[Directions] Write out the data word for word and drop any picture you find.

[Supplied information]
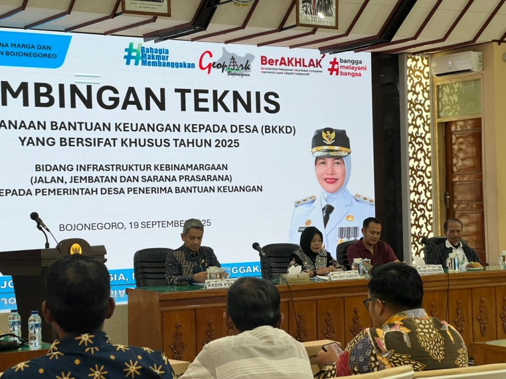 Bertempat di Ruang Angling Dharmo Lantai 2 Pemerintah Kabupaten Bojonegoro, Jum’at, 19 September 2025 Dinas Pekerjaan Umum Bina Marga dan Penataan Ruang Kabupaten Bojonegoro menyelenggarakan bimbingan teknis Bantuan Keuangan Khusus Desa (BKKD) tahun 2025 yang terdiri dari kegiatan pembangunan jalan dan jembatan.
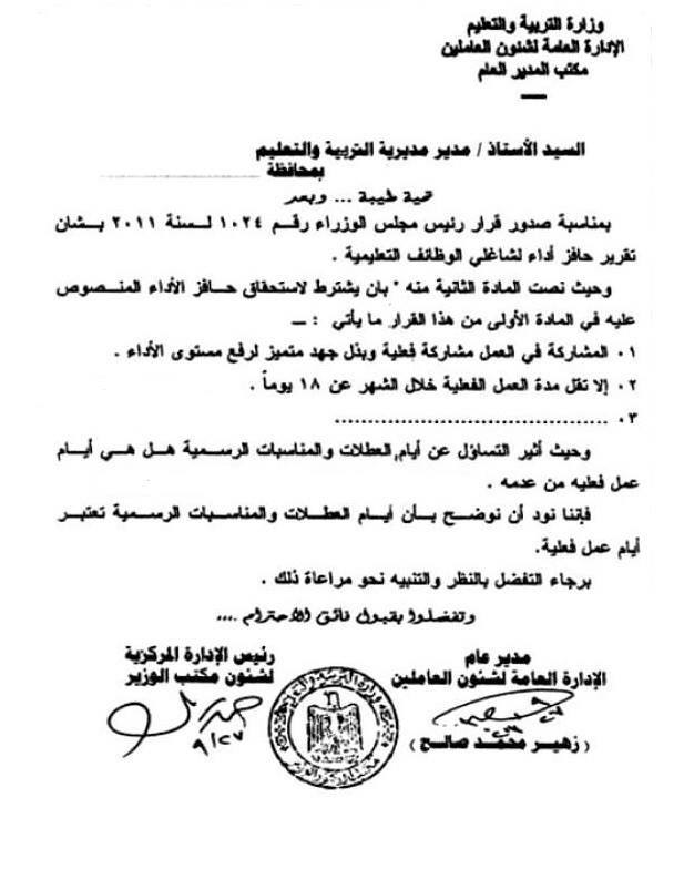 مستند ننشر شروط صرف حافز 1000 جنيه لمعلمي 2 ابتدائي وموجهي النظام الجديد
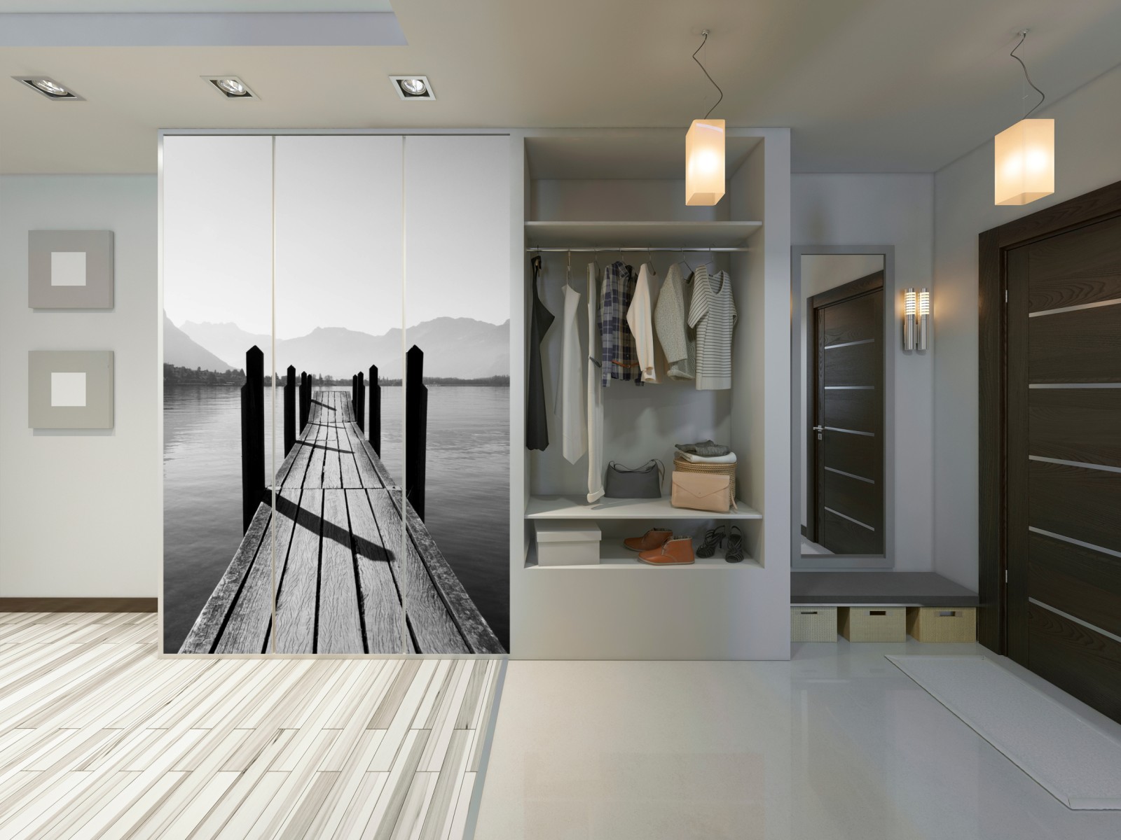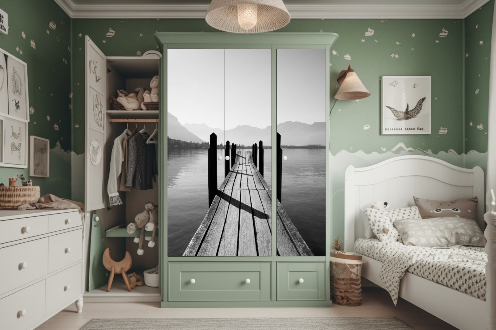Schrankaufkleber Ruhiger steg am see in schwarzweiß
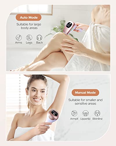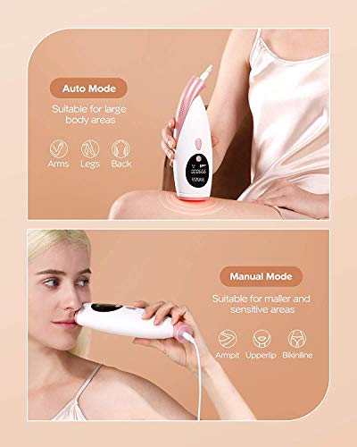- 【5 ajustes de intensidad de luz y 2 modos de flash】 -Este depilador IPL tiene 5 niveles de energía ajustables compatibles con 2 modos para adaptarse a diferentes niveles de sensibilidad. El modo automático ofrece un destello de luz continuo, que es ideal para grandes volúmenes de cabello, como en las piernas, los brazos y la espalda. El modo manual es mejor para regiones sensibles como las líneas del bikini, el labio superior y la axila.

[Written response]
 Bertempat di Ruang Angling Dharmo Lantai 2 Pemerintah Kabupaten Bojonegoro, Jum’at, 19 September 2025 Dinas Pekerjaan Umum Bina Marga dan Penataan Ruang Kabupaten Bojonegoro menyelenggarakan bimbingan teknis Bantuan Keuangan Khusus Desa (BKKD) tahun 2025 yang terdiri dari kegiatan pembangunan jalan dan jembatan.
 مستند ننشر شروط صرف حافز 1000 جنيه لمعلمي 2 ابتدائي وموجهي النظام الجديد
Schrankaufkleber Ruhiger steg am see in schwarzweiß
- 【5 ajustes de intensidad de luz y 2 modos de flash】 -Este depilador IPL tiene 5 niveles de energía ajustables compatibles con 2 modos para adaptarse a diferentes niveles de sensibilidad. El modo automático ofrece un destello de luz continuo, que es ideal para grandes volúmenes de cabello, como en las piernas, los brazos y la espalda. El modo manual es mejor para regiones sensibles como las líneas del bikini, el labio superior y la axila.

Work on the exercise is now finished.